Here's a review if you are interested.


----------



## flamencosketches (Jan 4, 2019)

Oldhoosierdude said:


> This is like talking to my mother in law.


Is she always calling you out for denying you said things that you said 5 minutes prior?


----------



## Oldhoosierdude (May 29, 2016)

flamencosketches said:


> Is she always calling you out for denying you said things that you said 5 minutes prior?


I rely on literate adults for an ability to comprehend what they read.

I could clear up the ignorance but it is more entertaining this way.


----------



## flamencosketches (Jan 4, 2019)

Oldhoosierdude said:


> I rely on literate adults for an ability to comprehend what they read.
> 
> I could clear up the ignorance but it is more entertaining this way.

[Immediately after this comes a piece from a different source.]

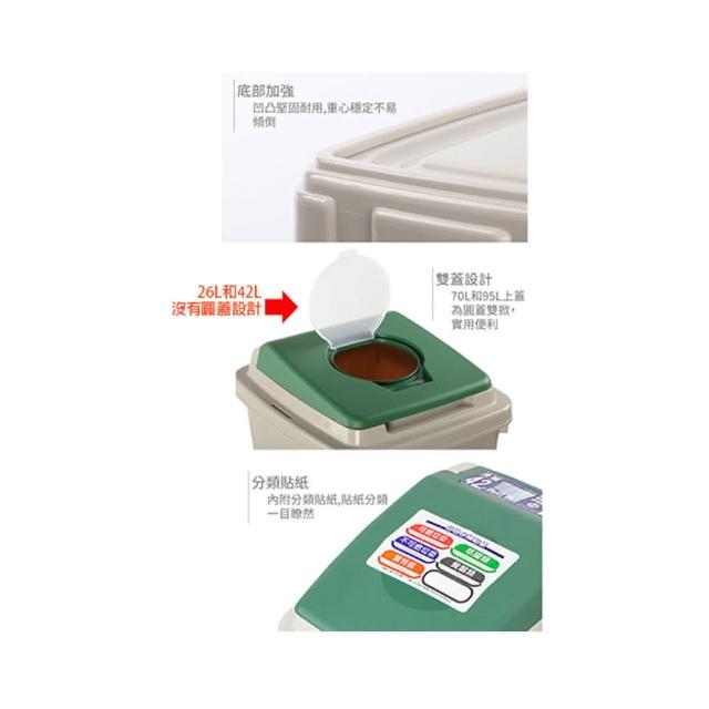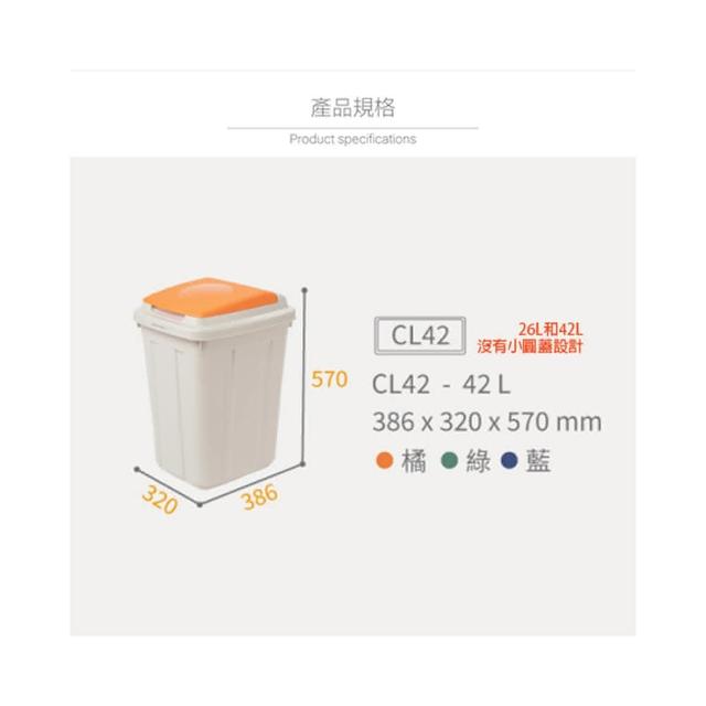 KEYWAY 聯府1入裝/聯府CL42/日式分類附蓋垃圾桶/42公升/手掀蓋垃圾桶/三色分類垃圾桶(附蓋垃圾桶)
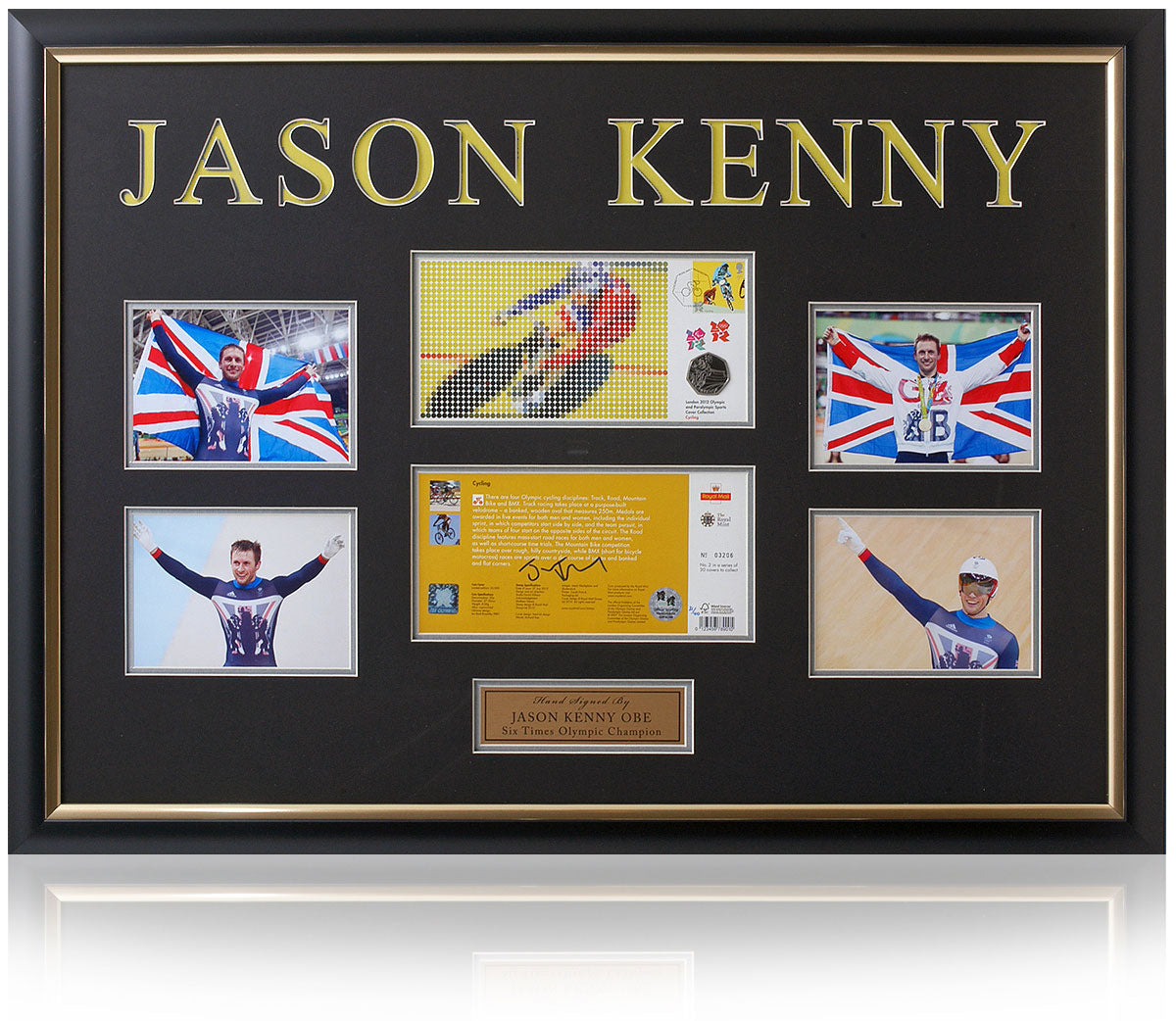 Stunning presentation of 6-time Olympic gold medal-winning legend, Jason Kenny. This beautiful display features a 2012 Royal Mint 50p coin cover hand-signed by Jason surrounded by images of him competing for England.

Who are we to deny you some quality entertainment?


----------



## Oldhoosierdude (May 29, 2016)

Watch at your own risk. I'm not responsible for your emotions.


----------



## pianozach (May 21, 2018)

Oldhoosierdude said:


> I can see that. I don't much like watching Gould, but like his playing if he isn't mumbling too loud.


I find that I do enjoy watching Gould. He reminds me of the monkeys in my brain when I play Bach. Stuff goes on . . . and with Gould it's physically unfiltered. Frankly I do a bit of that. Not to that level, of course. Who could? Well, actually, I could if it were needed for some reason. It's there.

I'm OK with the humming along too. It's part of his interpretation. Like it, or don't like it. Whatever.


----------



## Oldhoosierdude (May 29, 2016)

pianozach said:


> I find that I do enjoy watching Gould. He reminds me of the monkeys in my brain when I play Bach. Stuff goes on . . . and with Gould it's physically unfiltered. Frankly I do a bit of that. Not to that level, of course. Who could? Well, actually, I could if it were needed for some reason. It's there.
> 
> I'm OK with the humming along too. It's part of his interpretation. Like it, or don't like it. Whatever.


Joe Cocker understands.


----------



## Enthusiast (Mar 5, 2016)

Oldhoosierdude said:


> Watch at your own risk. I'm not responsible for your emotions.


OK. It does sound a little perverse but I would need to hear the whole to know what he achieves with the piece. The work has been recorded so many times that I can understand a pianist looking for something fresh and taking risks.


----------



## Animal the Drummer (Nov 14, 2015)

Oldhoosierdude said:


> I don't know what this means. I haven't indicated anything of the sort.


I refer the Honourable Gentleman to the title of his post.


----------



## Oldhoosierdude (May 29, 2016)

Animal the Drummer said:


> I refer the Honourable Gentleman to the title of his post.


It was written with a British accent.


----------



## Skakner (Oct 8, 2020)

I've listened to Lang Lang's performance on YouTube, just out of curiosity. I'm not a fan, although I recognize his excellent technique, but given that Goldberg Variations is one of my favorites, I'd like to share some thoughts from my (probably objective) perspective.

Some variations (a few) are good, some not so much, some are really bad. The slower his tempo, for the sake of expressiveness (even when it's not necessary), the more possible is to lapse into mannerism. At some points there is too much romantic approach (wide dynamic range, rubato), that reminds me, dare to say, Chopin! I don't like this playing on Bach, at all.
The ornaments are sometimes (based on what we've heard so far) unusual, something not necessarily bad, but in my opinion they don't serve the music so well. It seems that they 've been thrown, here and there, randomly.
The last but major downside, is that his playing doesn't present Bach's polyphony to the listener's ears, at least to a certain degree. Some counterpoint lines are too exposed while others are buried. By the way, I think that this is exactly the area every pianist have to compete really hard with Glenn Gould.

To sum up, if someone wants to start with Goldberg Variations, he definitely should pass.
There are many good recordings out there...
*Gould '55*, *Gould '81*, *Perahia*, *Schiff* (Decca), just some of them.


----------



## Oldhoosierdude (May 29, 2016)

This thread was fun, but after listening to more of this, I most likely will pass.

This release is now available on Amazon prime. With both the studio and live versions. The one on youtube must be the live. The studio is much preferable and easier to take as you aren't drawn to the distracting spectacle of watching him. Still, not much here that I don't prefer in my other recordings. If I ever find it for a few bucks I might go for it.


----------



## Jacck (Dec 24, 2017)

Lang Lang ist langweilig


----------